While both positive pressure and suction powered pool cleaners have proven to be generally effective in cleaning settled debris and the like from submerged pool surfaces, various customer preferences and installation considerations have been instrumental in causing an individual customer to choose one cleaner type over the other. More specifically, by comparison, positive pressure type cleaners are generally regarded as providing better collection of large debris such as leaves in a removable filter bag, to prevent such large debris from being drawn into and potentially clogging the filter canister of the pool water filtration system. Positive pressure cleaners are also generally viewed as having superior random travel for improved overall coverage of submerged pool surfaces. Moreover, positive pressure cleaners normally exhibit better periodic back-up or reverse function to resist entrapment in a sharp corner or the like within a pool. However, such positive pressure cleaners often require a booster pump and/or installation of an additional dedicated water return line to be integrated into the filtration system, whereby the overall cost of installing a positive pressure cleaner particularly in an existing pool can be significant. By contrast, a suction side cleaner normally can be coupled by a vacuum hose directly into the existing skimmer well of a pool, for relatively simplified connection to the suction side of the filtration system in a pool that is not equipped with a pre-installed suction side cleaner flow line. Moreover, suction side cleaners are designed for operation without requiring an additional booster pump. Accordingly, suction side cleaners have tended to be somewhat less costly to install, in comparison with pressure side cleaners. However, additional collection devices such as auxiliary leaf canisters and the like are generally required to capture large debris and thereby prevent ingestion of large leaves and the like into the filter canister of the filtration system.

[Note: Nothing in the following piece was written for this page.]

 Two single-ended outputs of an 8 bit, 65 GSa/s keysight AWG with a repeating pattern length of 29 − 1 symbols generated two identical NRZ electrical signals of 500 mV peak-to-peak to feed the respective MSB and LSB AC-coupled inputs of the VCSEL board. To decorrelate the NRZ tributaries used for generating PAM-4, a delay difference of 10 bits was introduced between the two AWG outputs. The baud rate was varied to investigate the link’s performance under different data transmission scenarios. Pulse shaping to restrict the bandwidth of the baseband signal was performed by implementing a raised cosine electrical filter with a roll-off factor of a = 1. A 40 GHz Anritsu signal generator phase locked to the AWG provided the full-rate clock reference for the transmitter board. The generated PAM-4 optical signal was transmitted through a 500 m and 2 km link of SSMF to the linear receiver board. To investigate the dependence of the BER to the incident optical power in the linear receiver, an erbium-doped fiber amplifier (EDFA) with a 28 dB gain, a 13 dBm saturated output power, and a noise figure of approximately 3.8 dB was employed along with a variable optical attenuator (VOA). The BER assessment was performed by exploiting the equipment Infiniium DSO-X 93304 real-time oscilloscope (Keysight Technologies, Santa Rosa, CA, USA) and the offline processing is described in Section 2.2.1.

Most suction side cleaners currently available on the market utilize a valve member typically in the form of a diaphragm or shuttle type valve adapted for movement between open and closed positions at a cyclic rate to disrupt the suction flow in a manner creating pressure surges or pulsations of sufficient magnitude to propel the cleaner in a forward direction in a series of incremental steps. However, this valve member has been susceptible to clogging upon ingestion of debris vacuumed from a submerged pool surface. Clogging of the valve member not only results in undesirable stalling or interruption in cleaner operation, but also creates a risk of cavitation and potential failure of the filtration system pump.

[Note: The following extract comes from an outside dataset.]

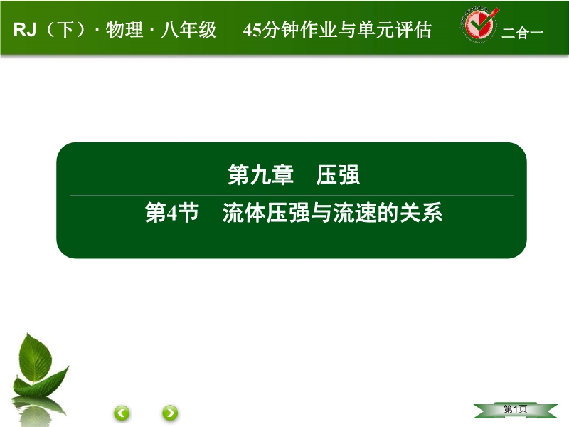- 3092021-2022学年春人教版八年级物理下册全套精品课课件:9.4 流体压强与流速的关系

There exists, therefore, a significant need for further improvements in pool cleaners of the suction powered type, particularly with respect to providing improved drive means for propelling the cleaner throughout a swimming pool, with reduced risk of clogging in response to ingested debris. Moreover, there exists a need for providing a suction powered pool cleaner designed for enhanced randomness of travel over submerged surfaces of a swimming pool. The present invention fulfills these needs and provides further related advantages.
In accordance with the invention, an improved pool cleaner of the type powered by a suction or vacuum source is provided for vacuuming debris settled upon submerged floor and side wall surfaces of a swimming pool or the like. The pool cleaner comprises a compact housing or head adapted for connection to a vacuum hose or the like coupled in turn to the suction side of a conventional pool water filtration system. The cleaner head defines a suction inlet through which water and debris are drawn from an underlying pool surface for flow to the vacuum hose. A main control valve is pivotally mounted within the cleaner head for oscillatory motion between an open position and a substantially or nearly closed position relative to an annular valve seat for intermittently disrupting the suction water flow to create pressure fluctuations or pulsations of sufficient magnitude to advance the cleaner head over a submerged pool surface in a series of incremental steps.

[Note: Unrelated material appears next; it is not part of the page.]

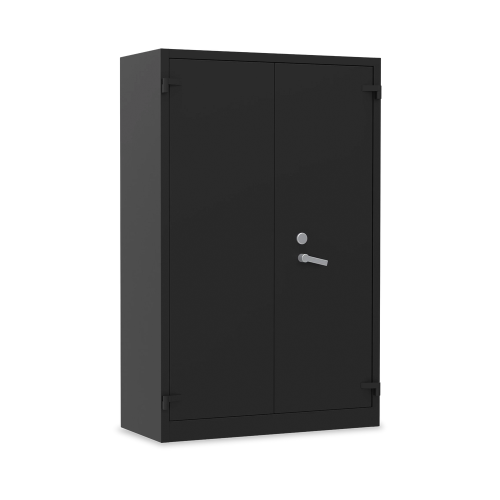 Mit den Maßen 550 mm Tiefe bietet der Schrank großzügigen Stauraum für bis zu maximal 50 Ordner (je nach Größe). Die vier höhenverstellbaren Fachböden ermöglichen eine flexible Organisation Ihrer Dokumente. Die Türen sind in stabilen Drehbolzen gelagert und lassen sich beidseitig um 180° öffnen, was einen komfortablen Zugriff gewährleistet. Ein hochwertiges Spezialschloss aus Deutschland sichert Ihre vertraulichen Unterlagen. Es verfügt über eine 3-Punkt-Verriegelung mit insgesamt fünf Bolzen (drei seitlich, einer oben, einer unten) und wird mit zwei Schlüsseln geliefert.

More particularly, the cleaner head has a downwardly open lower foot defining the suction inlet, with a flexible perforated mat or disk extending radially outwardly from the head in surrounding relation to the suction inlet. Water is drawn radially inwardly beneath as well as downwardly through the perforated disk to the suction inlet to sweep dirt and debris from an underlying pool surface for flow into a plenum chamber formed within the cleaner head. From the plenum chamber, the water and debris is drawn further through a primary suction tube having an upstream end defining the annular valve seat, and a downstream end coupled to the vacuum hose. The main control valve is pivotally mounted within the plenum chamber for swinging movement between a normal spring-loaded open position spaced substantially to one side of the valve seat, and a substantially closed position to substantially disrupt water flow therethrough. In the preferred form, a stop is provided to prevent complete closure of the main control valve in the substantially closed position.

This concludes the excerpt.